Republicans–at state and Federal levels–hate welfare for mothers too poor to support their families.
But they love fetuses.
And to make sure there are plenty of them available, Republicans have launched an all-out war against a woman’s right to abortion–and even birth control.
On June 13, 2012,, the Michigan House of Representatives, by a 70-39 vote, approved sweeping legislation to add regulations and restrictions to abortion practices in the state.
Specifically, the omnibus bill:
- Criminalizes all abortions after 20 weeks of pregnancy.
- No exceptions are made for rape victims, the health of the woman or in cases where there is a severe fetal anomaly.
- Permits a narrow exception when a doctor determines that the mother’s life is at risk.
- Requires health centers that provide abortions to have surgery rooms, even when they don’t provide surgical abortions.
- Requires doctors to be present for medication abortions and to screen women for “coercion” before providing an abortion.
- Creates new regulations for the disposal of fetal remains.
- Bans “telemedicine” abortions, or the use of technology to prescribe medication for abortion services and the morning-after pill.
The Michigan State Senate hasn’t yet ruled on the measure, though it is expected to ultimately approve it.
Republicans not only oppose abortion, they oppose free speech when this is used to defend a woman’s right to reproductive freedom.
During debate on the above-mentioned bill in June, Michigan House members Lisa Brown and Barb Byrum were forbidden to speak on the House floor about this legislation.

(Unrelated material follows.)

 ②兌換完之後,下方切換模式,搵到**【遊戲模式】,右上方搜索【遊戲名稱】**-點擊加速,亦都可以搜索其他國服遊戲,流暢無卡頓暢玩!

The women were silenced based on a trumped-up charge of “lack of decorum” after Brown told her colleagues, “I’m flattered you’re all so concerned about my vagina, but no means no.”
On August 19, Rep. Todd Akin (R-Mo.) justified his opposition to abortion by claiming that victims of “legitimate rape” rarely get pregnant.

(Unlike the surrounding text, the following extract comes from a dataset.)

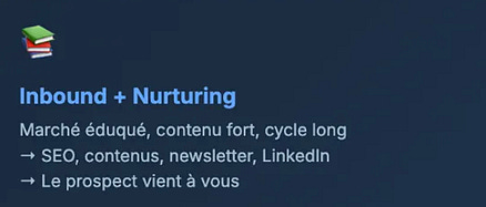 Votre situation : votre marché est éduqué, votre contenu est fort, et vous pouvez vous permettre un cycle de vente plus long. Ici, c’est le prospect qui vient à vous.
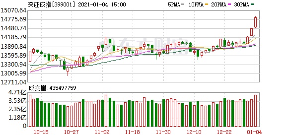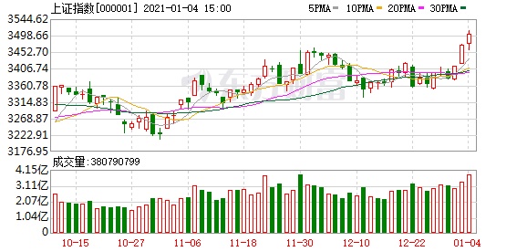 A股今日迎来新年开门红,沪指收盘上涨0.86%,收复3500点大关,收报3502.96点;深成指上涨2.47%,收报14827.47点;创业板指大涨3.77%,站稳3000点大关,收报3078.11点。两市成交额突破一万亿元,今日达到1.16万亿元。行业板块多数收涨,农业、军工、酿酒板块领涨。北向资金今日小幅净卖出5.42亿元。

“From what I understand from doctors, that’s really rare. If it’s a legitimate rape, the female body has ways to try to shut that whole thing down.
“But let’s assume maybe that didn’t work or something. I think there should be some punishment, but the punishment ought to be on the rapist, and not attacking the child,” said the GOP nominee for the U.S. Senate from Missouri.
“Don’t worry, Wonder Woman. You can’t get pregnant if it’s legitimate rape.”
Earlier, on August 8, he had said during a radio interview: “As far as I’m concerned, the morning-after pill is a form of abortion, and I think we just shouldn’t have abortion in this country.”
On November 6, “Mr. Legitimate Rape” lost to Democratic incumbent Claire McCaskill.
Nine days later, on August 28, the official Republican platform demanded a total ban on abortions when the party assembled to nominate Mitt Romney as its Presidential candidate in Tampa.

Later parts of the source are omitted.